Bad Laws Do Not Encourage Compliance with Their Provisions

Bad Laws Do Not Encourage Compliance with Their Provisions

Bad Laws Do Not Encourage Compliance with Their Provisions
Mahmoud Sabra
Consultant for Legislative Drafting at the United Nations and the World Bank

Many people complain that the law, in its current form and with the traditions passed down over the ages, is difficult to understand. How, then, can it be a friend to people and encourage them to comply with its provisions voluntarily? For this to happen, its texts must not only be clear and precise for those who use them, but also user-friendly, easy to understand, and not burdensome. The law becomes burdensome for its users if it refers to other provisions in the same law or to other related legislations that are not clearly and precisely defined. When it is difficult for the user of the law to understand it, the expected outcome is that it will only be implemented by chance!

Take, for example, Article 1 of Egyptian Law No. 29 of 2023 “Issuing a Law on the Regulation of Possessing Dangerous Animals and Dogs,” which states the following: “Without prejudice to the international agreements in which the Arab Republic of Egypt is a party, and with consideration to the provisions of the Agriculture Law… of 1966, the Environmental Law… of 1994, and the Public Shops Law… of 2019, the provisions of this law and its accompanying law regarding the regulation of possessing dangerous animals and dogs shall apply. These provisions do not apply to the Ministries of Defense and Interior and their affiliated entities.”
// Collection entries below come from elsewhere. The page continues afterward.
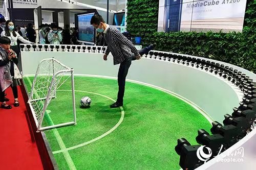市民在足球互动展区感受“超高清+自由视角”的精彩瞬间。人民网 刘卿摄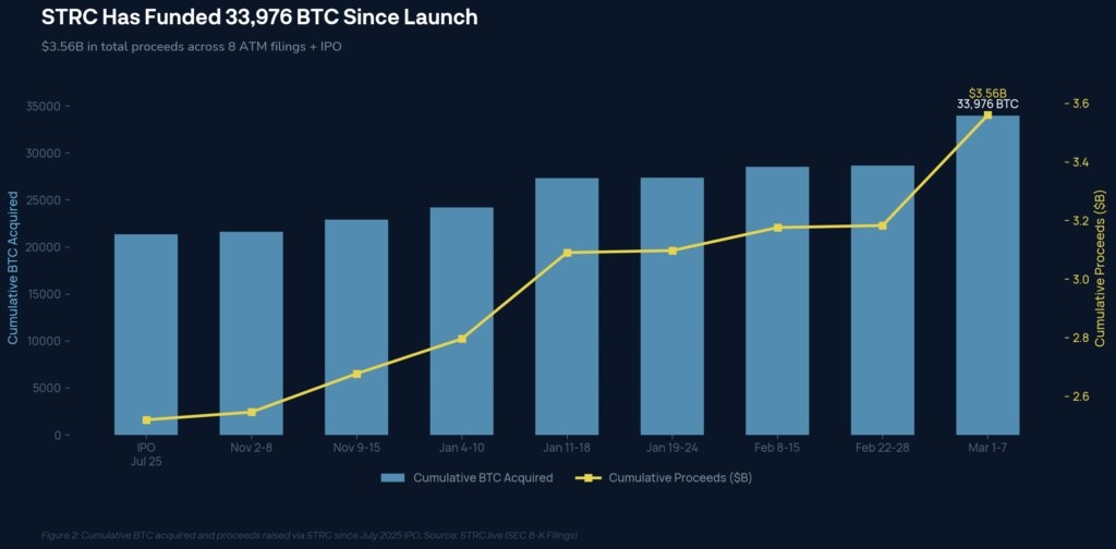 吴说获悉,据 Delphi Digital 研究,Strategy 通过 STRC 浮动利率永续优先股(面值 $100,当前股息率 11.5%,3月连续第7次上调)将固定收益资本高效转化为现货 BTC 买盘。3 月 9–15 日一周,ATM 发行售出约 1,181.8 万股,净募资 11.804 亿美元(占当周总融资 15.764 亿的大部分),买入 22,337 枚 BTC,创 2026 年单周最大购买纪录。自 2025 年 7 月推出以来,STRC 已成为其 BTC 积累核心工具,单日峰值可资助超 4,000 枚、单周最高推动 7,000+ 枚入账,远超每日新挖矿供应。但年度股息义务已逼近 10.5 亿美元,优先股占比过高,对普通股股东带来显著稀释与现金流压力。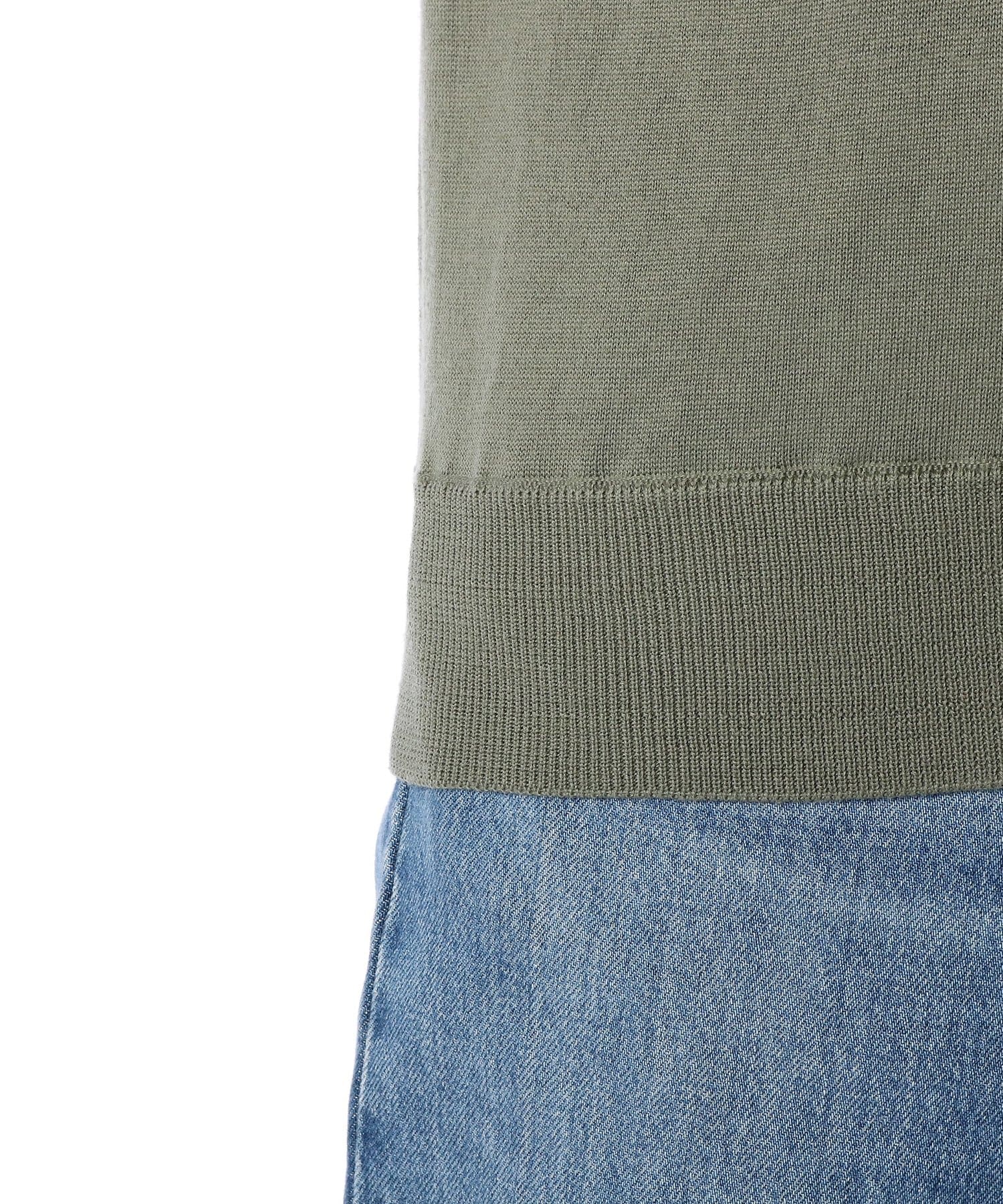 程よい光沢感とややシアー感のある薄手のウールニット。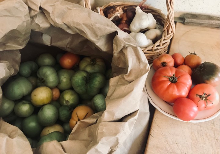 Big brown paper bags of green tomatoes ripen nicely in a the cool, closed up pantry.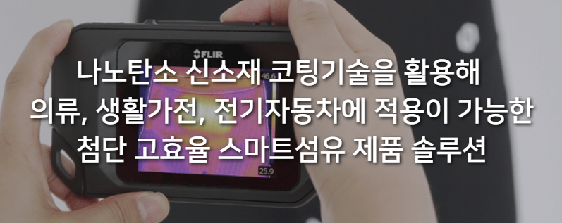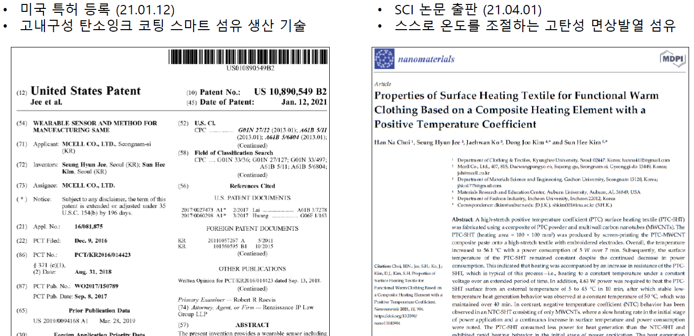 엠셀의 대표적인 기술은 사용감이 우수한 섬유에 발열/센서 물질을 고내구성으로 코팅하는 기술이며, 세라믹 코팅 및 표면 처리기술을 바탕으로 다양한 섬유 표면에 나노 탄소 신소재를 코팅 및 특수 표면처리가 가능합니다(미국 특허등록 완료).

It is noticeable that this article mixes three unrelated issues. The first is the order to implement the law (which is an enactment provision), the second is the international agreements and other laws that the draftsman should have reviewed before drafting its articles (these should be in the preamble/introduction of the law, not in an article), and the third is the scope of applicability (which belongs in the substantive law, not the enactment law).

There is a question regarding the title of the law: Is the law aimed at “regulating the possession of dangerous animals,” or “prohibiting their possession, breeding, and trade,” with exceptions for certain categories? A second question: Does the order to apply the law refer to the enactment law? Or the substantive law? Or both together according to the phrasing used? Clearly, it refers to the substantive law only, not both!

The most important question is: How many sources does the law ask the user to refer to without specifying the articles meant to be referred to? The law refers the user to all international agreements the state is a party to, and all the provisions of three other laws. Is it easy for the user to review all of these? Even the devil himself would fail to do so. What is surprising and perplexing is that this mistake is not limited to this law alone, but occurs in most Arab laws!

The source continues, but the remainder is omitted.